Но Смит понимал, что разделение труда, эта основа прогресса, больше свойственно промышленности, чем сельскому хозяйству. Плотник редко занимается работой слесаря, но пахарь в своем хозяйстве является также пастухом, садоводом, строителем и кучером. Поэтому, объяснял Смит, сельское хозяйство не поддается таким решительным улучшениям, как промышленность. Разделение труда и применение машин происходит на фабрике и невозможно на ферме; в этом и состоит для Смита космическая разница между земледелием и промышленностью. Труд, не знающий специализации, – непродуктивный, нерадивый, ленивый труд. На переход от одного вида работы к другому времени «тратится значительно больше, чем мы в состоянии с первого взгляда представить себе». Переходя от одного вида работы к другому, «рабочий обыкновенно делает небольшую передышку… его голова еще занята другим, и некоторое время он смотрит по сторонам, но не работает, как следует». Медленным переключением с одной работы на другую такой работник похож на крестьянина, который тоже тратит бездну времени на переключение. Экономия этих множественных переключений и есть главный секрет капиталистического производства. Разделение труда выводит работника из порочного круга деревенской лени на прямую, продуктивную линию улучшений. Специализация – столбовая дорога прогресса. Одни только крестьяне – ленивые, небрежные, глазеющие по сторонам – остаются чужды разделению труда.

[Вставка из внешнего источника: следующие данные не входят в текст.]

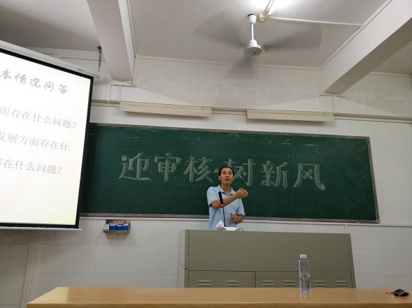 紧接着,孙鹏老师首先指出了班级平时存在的一些不足之处,强调了本次审核评估对我校发展的重要性,他希望同学们能够改正不足,以良好的精神风貌,团结一致地做好评估工作。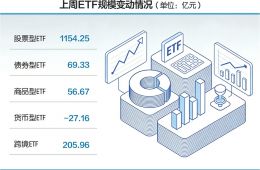 具体规模变动方面,上周股票型ETF和跨境ETF分别增长1154.25亿元和205.96亿元,实现较大“回血”。此外,债券型ETF和商品型ETF分别增长69.33亿元和56.67亿元;在权益资金虹吸效应下,货币型ETF缩水27.16亿元。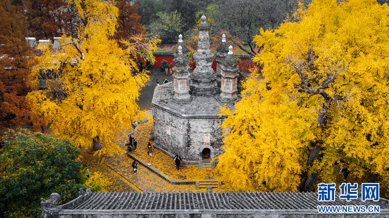 近日,佇立在湖北襄陽廣德寺內(nèi)的銀杏古樹迎來最佳觀賞期,吸引了眾多游客前來拍照打卡。 楊瀟攝 新華網(wǎng)發(fā)

«Земледелие по самой природе своей не допускает ни такого многообразного разделения труда, ни столь полного отделения друг от друга различных работ, как это возможно в мануфактуре», – писал Смит. «Невозможно вполне отделить занятие скотовода от занятия хлебопашца, как это обычно имеет место с профессиями плотника и кузнеца». Смит ясно видел причину этого коренного различия: ею является связь между добычей природного ресурса и самой природой, например ее сезонными циклами. В сельском хозяйстве различные виды труда – например, занятие скотовода и занятие хлебопашца – «должны выполняться в различные времена года». Поэтому одни и те же люди тут занимаются то пахотой, то посевом, то выгулом скота, то стрижкой овец, то сбором урожая. «Здесь невозможно, чтобы каждым из этих занятий в течение всего года был постоянно занят отдельный работник». Разделить виды труда на земле нельзя, и это является главной, хотя и досадной, «причиной того, что увеличение производительности труда в этой области не всегда соответствует росту ее в промышленности».

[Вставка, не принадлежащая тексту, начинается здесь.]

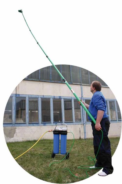 Die Lösung ist eine fachmännische Säuberung mit einer sogenannten Reinwasseranlage. „Dafür wird normales Leitungswasser in das Gerät gepumpt, mehrfach gefiltert und entmineralisiert, also von jeglichen Verunreinigungen befreit“, erklärt der Firmenchef. Das in diesem Prozess gewonnene „Reinstwasser“ (Osmosewasser) saugt den Schmutz förmlich auf. Fensterfassaden, Fotovoltaikanlagen und weitere glatte Oberflächen sind nach der Intensivreinigung allgemein weniger für Schmutz anfällig, da sämtliche Partikel entfernt werden. Zudem kommt das Wasser wegen seiner speziellen Eigenschaften komplett ohne Reinigungsuzsätze jeglicher Art aus. Ein positiver Nebeneffekt gerade bei der Reinigung von sehr empfindlichen Flächen. Und die Profis vom HDS wissen: „Nur eine saubere Solaranlage arbeitet effektiv und bewirkt auch auf längere Sicht eine optimale Stromeinspeisung.“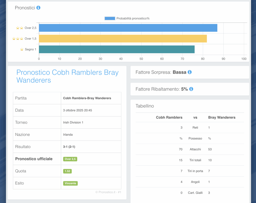 - Pronostico Principale (Blu): Over 2,5 a 1.52, 2 stelle e 87% di probabilità

Читатели Смита часто не соглашались с его восторгом перед специализированным трудом. Отвечая Смиту, Токвиль писал: «Чего можно ждать от человека, который провел двадцать лет своей жизни, насаживая головку на булавку?» Маркс полагал, что разделенный труд отчуждает человека от его сущности. Для Смита разделение труда было источником прогресса; подкрепленное свободной торговлей, разделение труда изменит цивилизацию, сделав ее богатой, а людей равными друг другу. Для Маркса разделение труда – причина отчуждения, источник зла. «Рабочий только вне труда чувствует себя самим собой, а в процессе труда он чувствует себя оторванным от самого себя». Смит видел в разделении труда главный секрет современности. Чем глубже разделение труда в определенной индустрии, тем более продуктивен этот труд; чем больше разделение труда в стране, тем больше развита эта страна. Маркс, наоборот, производит из разделения труда самый корень моральных проблем современного человека. «Следствием того, что человек отчужден от продукта своего труда… является отчуждение человека от человека». Буржуазия – то есть горожане, занимающиеся торговлей, – «создает себе мир по своему образу и подобию», и она «подчинила деревню господству города». В «Немецкой идеологии» Маркс писал о том, что разделение труда будет преодолено. В прекрасном обществе будущего каждый получит «возможность делать сегодня одно, а завтра – другое, утром охотиться, после полудня ловить рыбу, вечером заниматься скотоводством, после ужина предаваться критике». Но Маркс вряд ли хотел возвращаться к тому, что он назвал в Коммунистическом манифесте «идиотизмом деревенской жизни».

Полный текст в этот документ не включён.